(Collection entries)
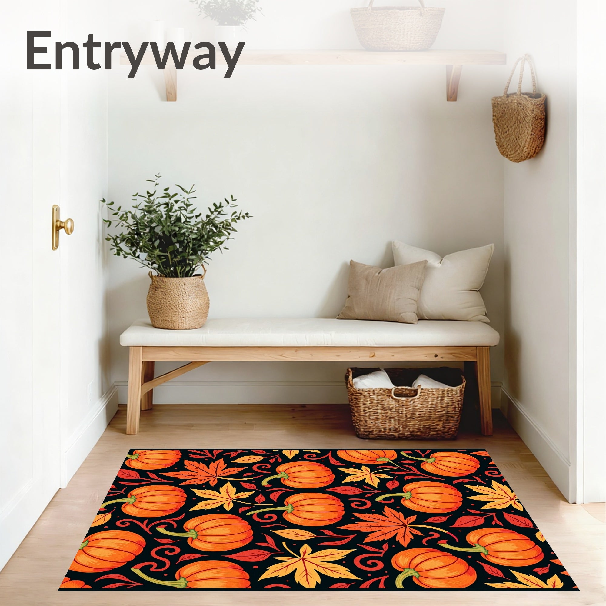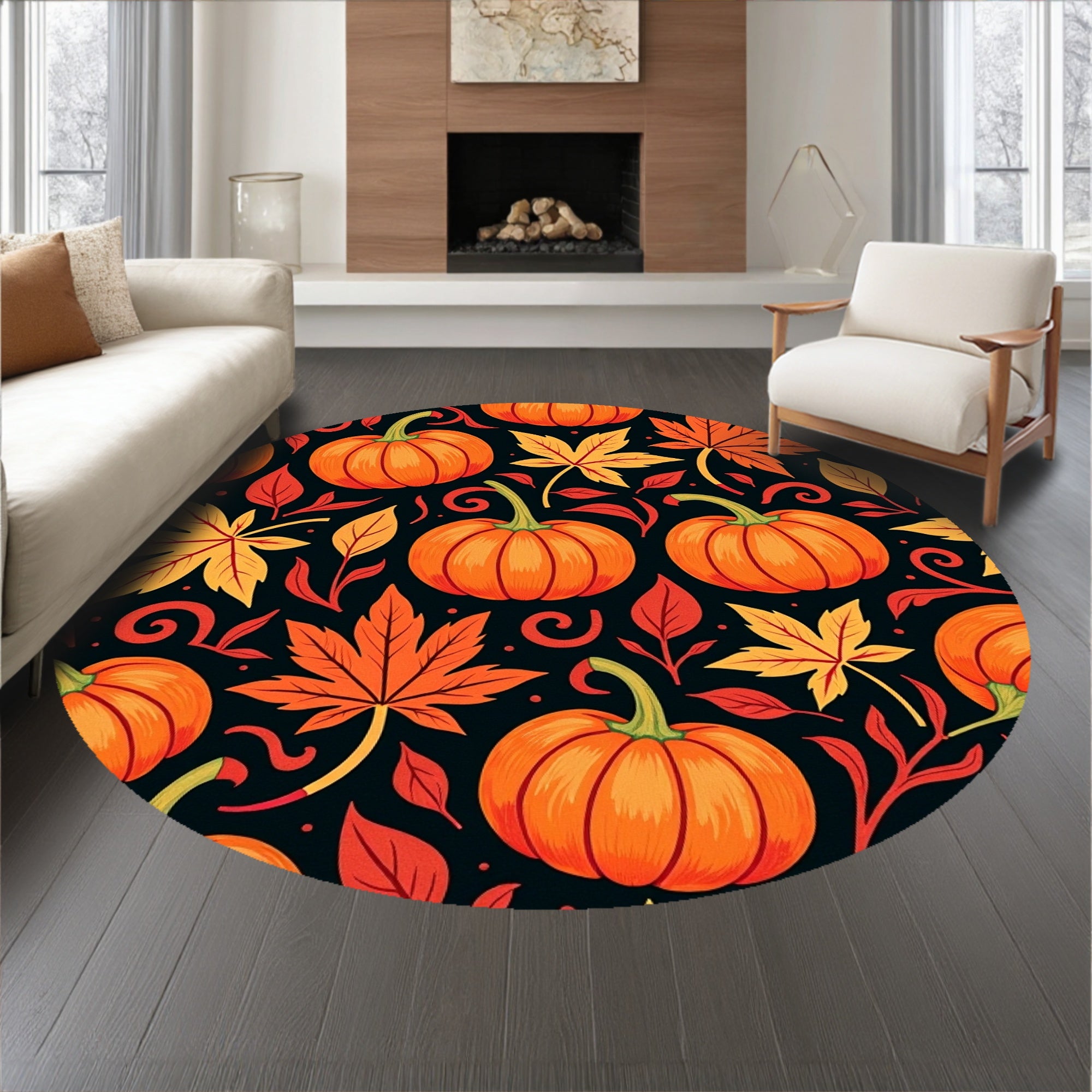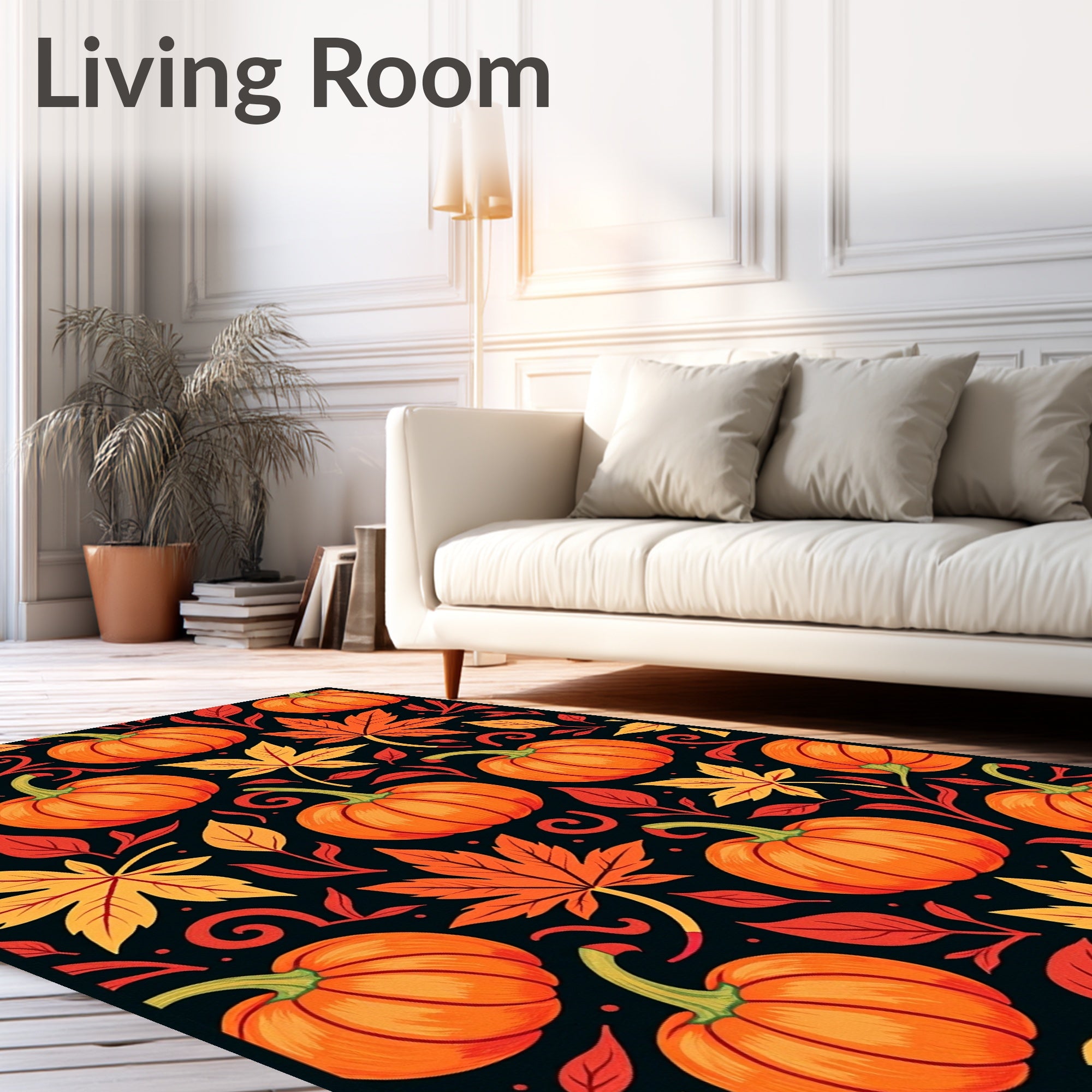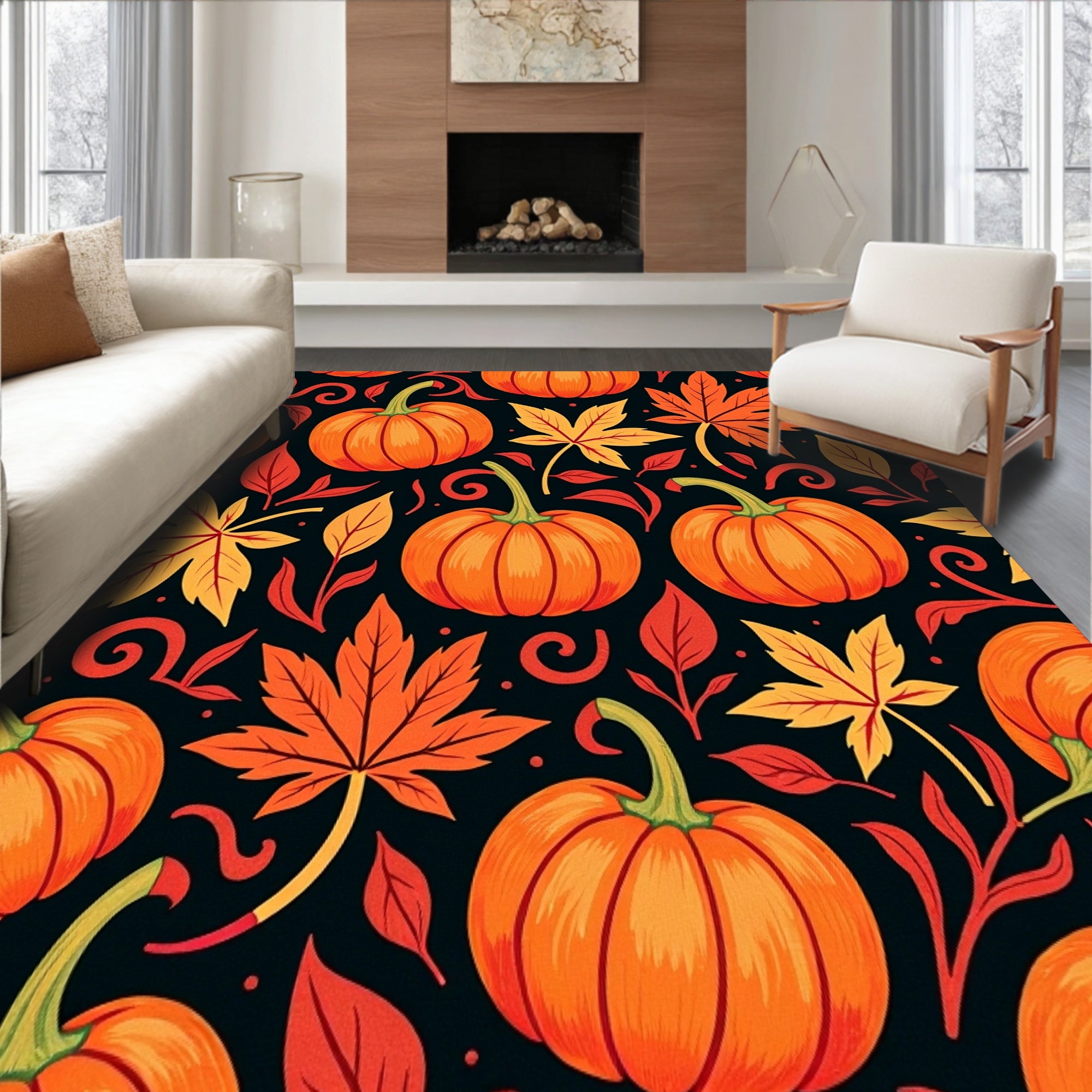 Ultra Soft Area Rug, Non Slip, Stain Resistant, Washable Area Rugs for Living Room, Bedroom, Harvest Festival Maple Foliage Pumpkin Arrangement Decorative Accent(Orange) Overview:
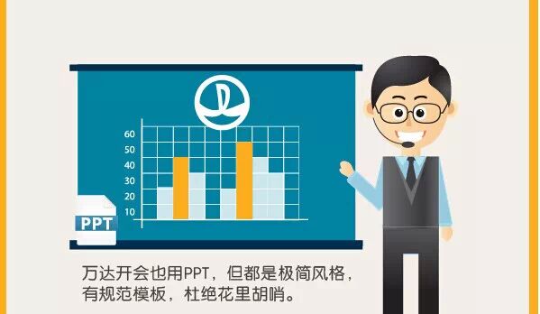 万达开会也用PPT,但都是极简风格,有规范模板,杜绝花里胡哨。一般开会不许超过10张,给董事长、总裁汇报基本不会超过3张。当然这3张都是筋骨,筋骨后基本上都有超链接,如果领导问细节,后面有更细的。
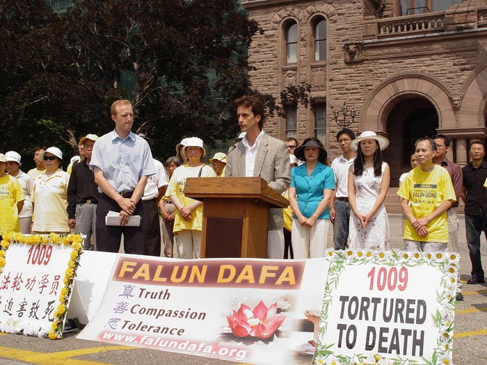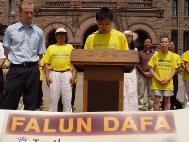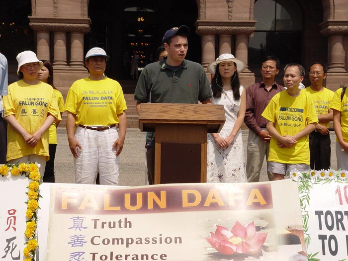 多伦多大学学生会的副主席迪兰-瑞今天也特意前来参加了今天的活动并在新闻发表会上发言。迪兰表示他代表多伦多大学学生会及其所代表的3万多名在校学生表达对法轮功的支持,他们今后将一如既往的声援法轮功的和平抗争,共同帮助停止这场镇压。多伦多大学学生会在过去五年中三次通过动议案支持法轮功,谴责中国江氏集团对法轮功的迫害,并多次致信联合国,加拿大政府,要求他们站出来公开谴责这场残酷的迫害,帮助来一起制止迫害。
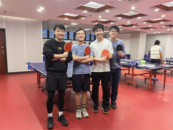 3003新葡平台登录入口男子队由伍昕钰、尹旭、陈瑞翾、王乃懋组成,12月9日,他们遭遇了实力强劲的计算机信科联队、集成电路学院2队、图书馆2队。伍昕钰老师球风凌厉,遇强则强,屡次出任第一单打,与对手比分焦灼,然而在关键球的处理上稍显稚嫩,遗憾落败。尹旭老师则依靠削球多次打出变幻莫测的回球,赢得对手的连连点赞,在当日比赛中为队伍赢下了一分。陈瑞翾老师球风沉稳,直拍打法反应灵敏,节奏极快。王乃懋老师在乒乓球打法上比较单一,主要依靠上旋球,难以破解对手多变的回球,无奈落败。
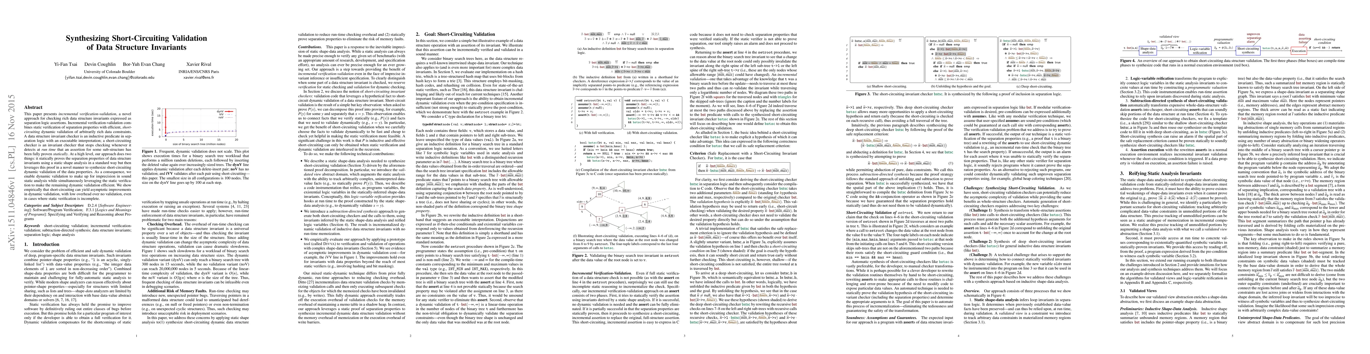 This paper presents incremental verification-validation, a novel approach for checking rich data structure invariants expressed as separation logic assertions. Incremental verification-validation combines static verification of separation properties with efficient, short-circuiting dynamic validation of arbitrarily rich data constraints. A data structure invariant checker is an inductive predicate in separation logic with an executable interpretation; a short-circuiting checker is an invariant checker that stops checking whenever it detects at run time that an assertion for some sub-structure has been fully proven statically. At a high level, our approach does two things: it statically proves the separation properties of data structure invariants using a static shape analysis in a standard way but then leverages this proof in a novel manner to synthesize short-circuiting dynamic validation of the data properties. As a consequence, we enable dynamic validation to make up for imprecision in sound static analysis while simultaneously leveraging the static verification to make the remaining dynamic validation efficient. We show empirically that short-circuiting can yield asymptotic improvements in dynamic validation, with low overhead over no validation, even in cases where static verification is incomplete.
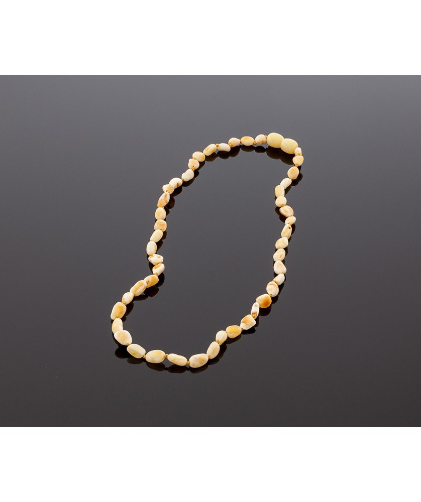 Adult amber necklace is made of white olive/bean amber beads. Freeform amber beads perfectly combine with each other. There is a knot between each olive bead. Closure is made of plastic. The length of the necklace is ~ 45 cm. The weight of the necklace is ~ 5,9 gr.
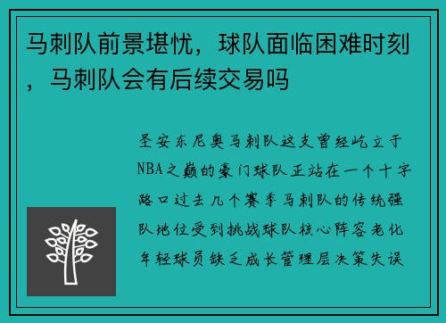 圣安东尼奥马刺队,这支曾经屹立于NBA之巅的豪门球队,正站在一个十字路口。过去几个赛季,马刺队的传统强队地位受到挑战,球队核心阵容老化、年轻球员缺乏成长、管理层决策失误等问题逐渐显现。在NBA竞争日益...
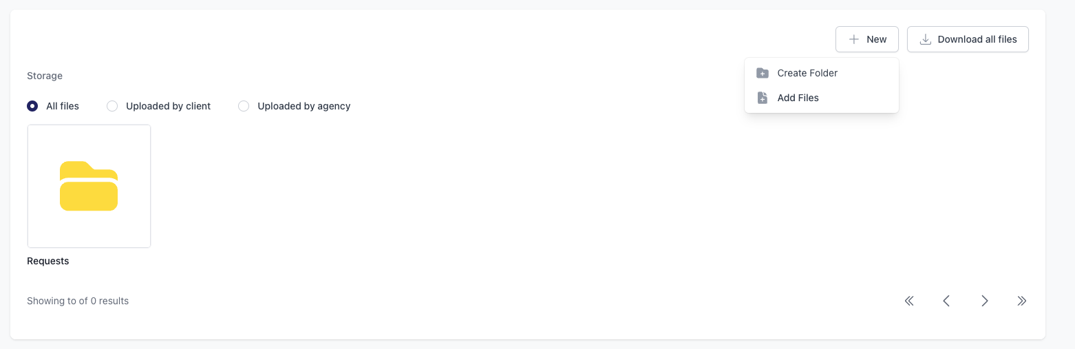 Please note: The storage function is client-facing and for your use, and your Designers/Project Managers will not be able to add, remove, or edit files from the storage. The design team will only be able to download files from storage to use directly for design requests.
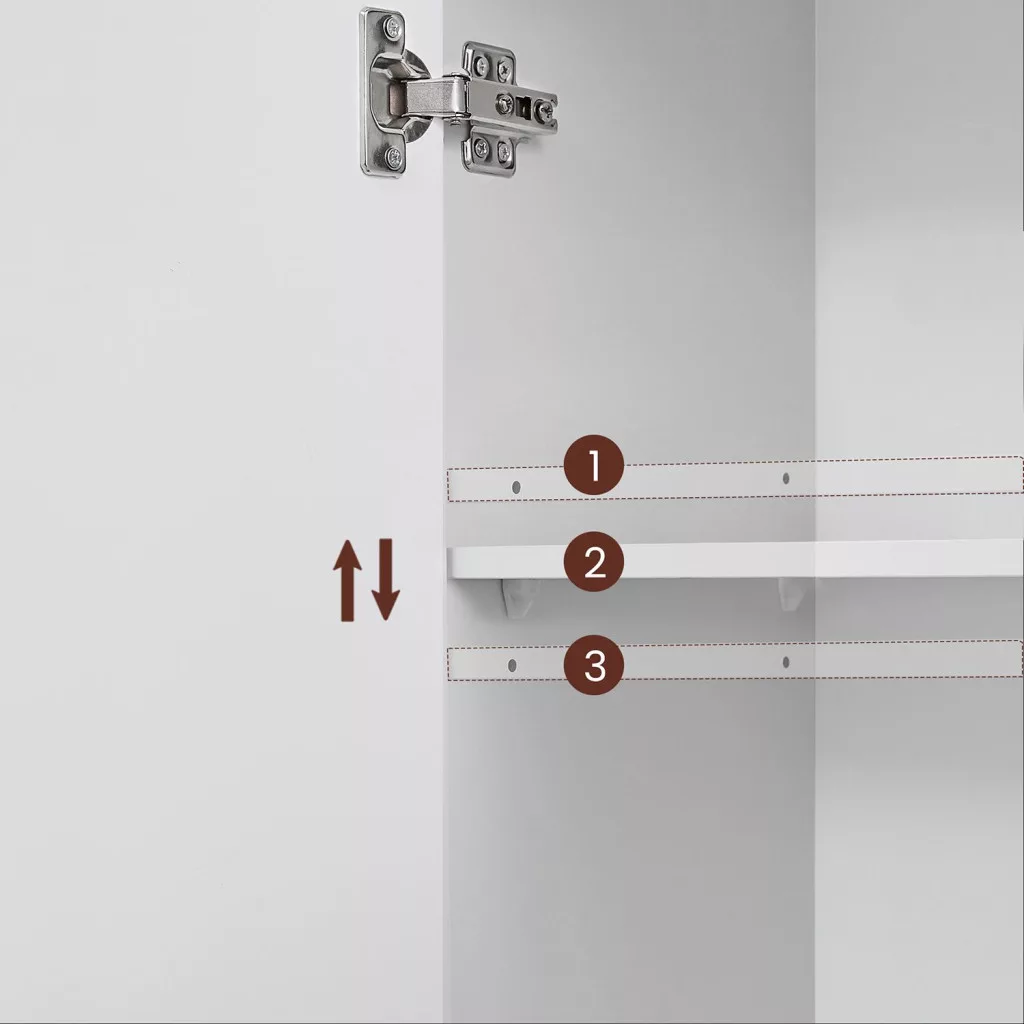 Elegáns fehér fürdőszobai szekrény állítható polccal és puha záródású ajtókkal, amely tökéletes megoldást nyújt a fürdőszobai rendszerezéshez.
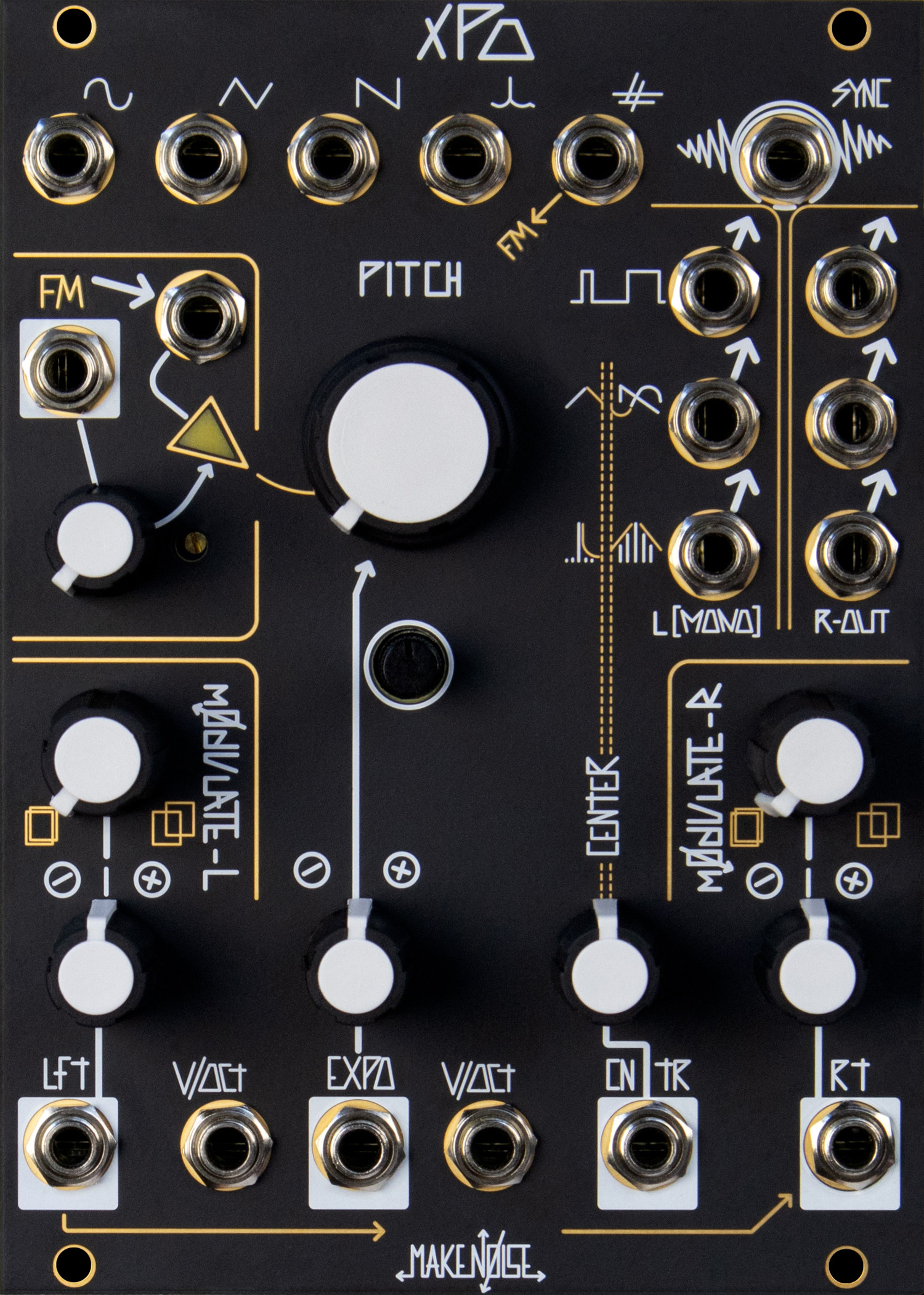 the xpo or stereo prismatic oscillator music synthesizer module is a voltage controlled analog oscillator designed for generating sine waves, triangle waves, sawtooth and spike waves, sub-octaves, stereo
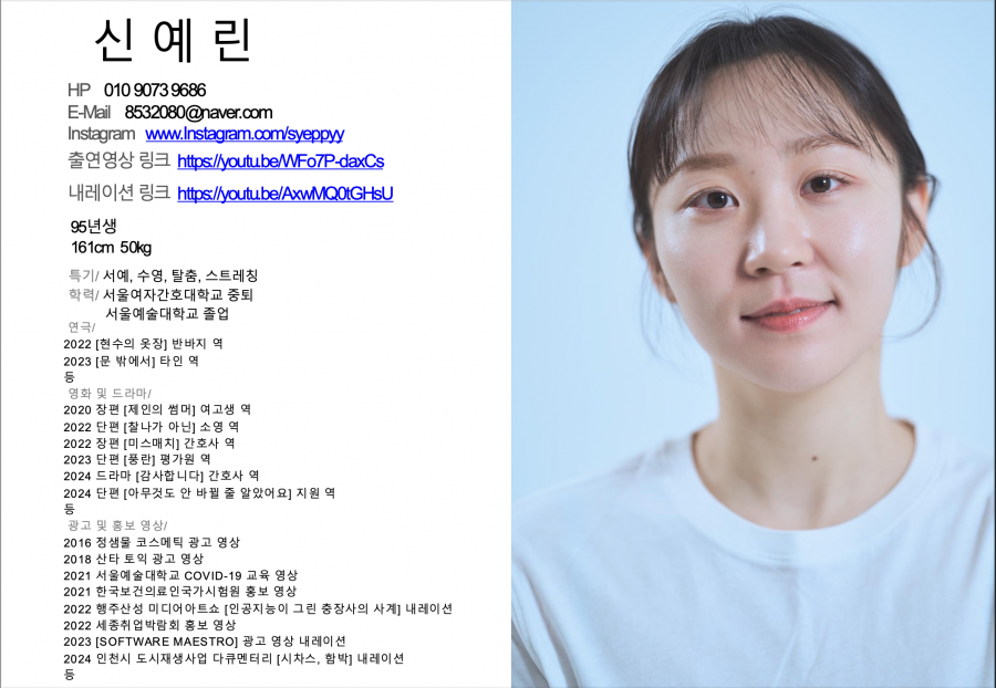 이름 신예린 | 키 161 | 몸무게 50 | 생년월일 1995.04.28 | 소속사 X

**WHAT THE TASK REQUIRES**:
Out of the records above, set down only the lines from the one that contains "Adult amber necklace" through the one that contains "圣安东尼奥马刺队,这支曾经屹", unchanged and without the pictures.

**EXERCISE SOLUTION**:
 Adult amber necklace is made of white olive/bean amber beads. Freeform amber beads perfectly combine with each other. There is a knot between each olive bead. Closure is made of plastic. The length of the necklace is ~ 45 cm. The weight of the necklace is ~ 5,9 gr.
 圣安东尼奥马刺队,这支曾经屹立于NBA之巅的豪门球队,正站在一个十字路口。过去几个赛季,马刺队的传统强队地位受到挑战,球队核心阵容老化、年轻球员缺乏成长、管理层决策失误等问题逐渐显现。在NBA竞争日益...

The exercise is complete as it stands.